I will take an intervention from Patrick Harvie now.

Patrick Harvie: I am grateful to the member.

Perhaps the member would be so helpful as to clarify. He said that the ambition was for Scotland to be wholly electric on transport by 2032. My recollection from yesterday’s statement was that new cars and vans that run on petrol and diesel would not be available for sale after that point. That is very different from saying that we will not use them.

Stewart Stevenson: I accept what the member says. If there was an imprecision, I am happy to be corrected.

Let us be quite clear that it is an ambitious thing for us to do, but we should not shy away from ambition. Those of us who were here in 2009 will recall that, when we discussed the Climate Change (Scotland) Bill, we did so in cross-party consensus, with every party represented in the Parliament making a contribution to the resulting Climate Change (Scotland) Act 2009. That is the sort of consensus that I hope we will continue to sustain on climate change.

It is interesting that, in the United States, where the President has withdrawn from the Paris accord, The Washington Post reports this very morning that the advice that he received that caused him to do that was from a right-wing think tank that has looked at the scientific consensus that climate change exists and is anthropogenic in its origins and which has concluded that the very existence of the consensus demonstrates that there is a scientific conspiracy to delude the public. Anyone who believes that believes in the tooth fairy and a wide range of other things.

The US approach is quite the most disappointing thing that has happened in the world of climate change in recent years, and it reinforces the need for climate change leaders such as Scotland to continue to apply themselves to the issue. The rest of the world will find it very hard to compensate for the excess emissions that come from the United States, but that should not stop us trying to do something.

In relation to my constituency, we heard about the acorn project at St Fergus and the welcome investment in that regard. It is also worth looking at the Hywind project. That is a floating wind farm, which the Norwegian oil company Statoil is installing off the coast of Peterhead. The project is reusing engineering skills that we have here, and the fundamental point, which goes to the heart of the long-term failure of the UK Government, is that it demonstrates how it is possible, with the proper regime, to recycle moneys from the oil industry into renewables.

Statoil is the state oil company, which was founded in 1972 on the back of the oil wealth of Norway. In the UK, Scottish oil resources were—frankly—flushed away in current account spending and were not invested in the future. That is the most shameful long-running failure of the UK Government in relation to Scotland and Scotland’s economy. It is a failure with which we live today and about which we have limited opportunity to do much.

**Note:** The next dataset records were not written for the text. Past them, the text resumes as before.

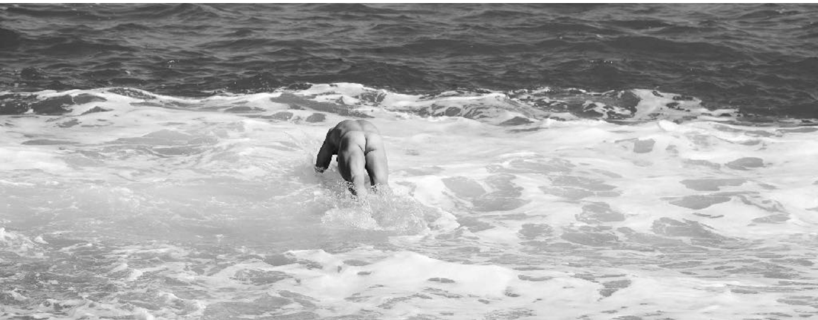
A naked man's dive - IVM 2092
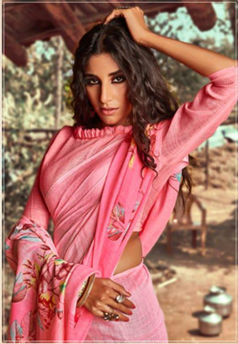
PURE ELEGANCE WITH HARI KANSI FLORAL PATTERNS ON LACI FABRIC AND ADDING GLAMOR TO YOUR STYLE.
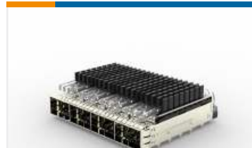
TE Part #2170790-2 CAGE ASSY, 1X4, QSFP28, SPRING, HS, LP
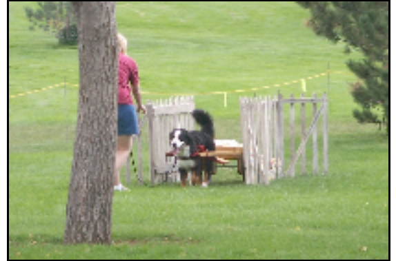
Questa and Elaine safely maneuver the narrows while on their way to a passing score
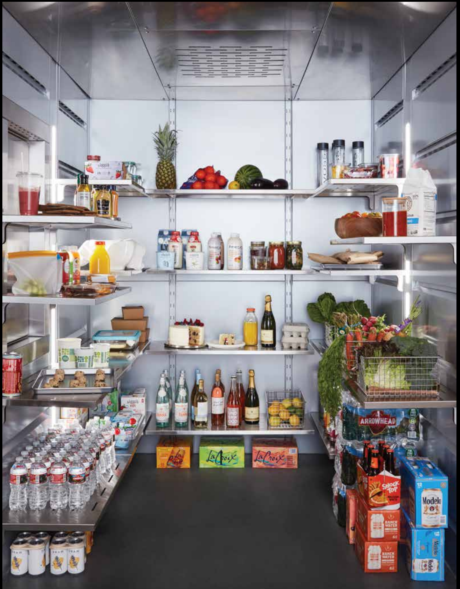
Shown: Ooldfusion All Refrigerator Walk-In Cold Pantry
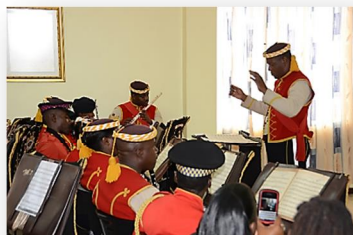
The Jamaica Military Band
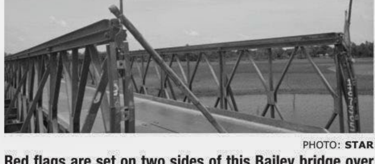
Red flags are set on two sides of this Bailey bridge over Aoliakhana River in Jaldhaka upazila under Nilphamari district as the Roads and Highways Department prohibited movement of heavy vehicles after three steel plates of the bridge floor collapsed on Sunday night.
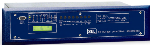
Figure 4—Two SEL-387E Relays are installed to provide comprehensive protection, metering, and event reporting of the power plant step-up transformers.

Major components of the upgrade project include two SEL-387E Relays installed for comprehensive protection, metering, and event reporting of the power plant transformers. Generator protection is provided by two SEL-300G Generator Relays, which also provide important metering and events reporting/recording capabilities plus thermal protection in conjunction with RTDs.

Hurricane Harvey is a wake-up call about climate change. It has impacted on the price of oil world wide, with a quarter of United States refineries currently shut down, and Houston and the surrounding areas are awash with pollution and disease. Climate change is an issue for the whole world. Albeit that the issue is most critical for the parts of the world that are least able to respond to it, such as Africa and the middle east, it is the biggest challenge for all of us.

I hope that in Scotland we will continue to enjoy a broad consensus on the need to engage with climate change and support measures in that regard. We will continue to have vigorous debate about the detail, as is entirely proper, but I hope that we will sustain the consensus that led to the Climate Change (Scotland) Act 2009. We had high ambition then and are stepping up action now. This Government has a record that is second to none on climate change, the environment and the economy.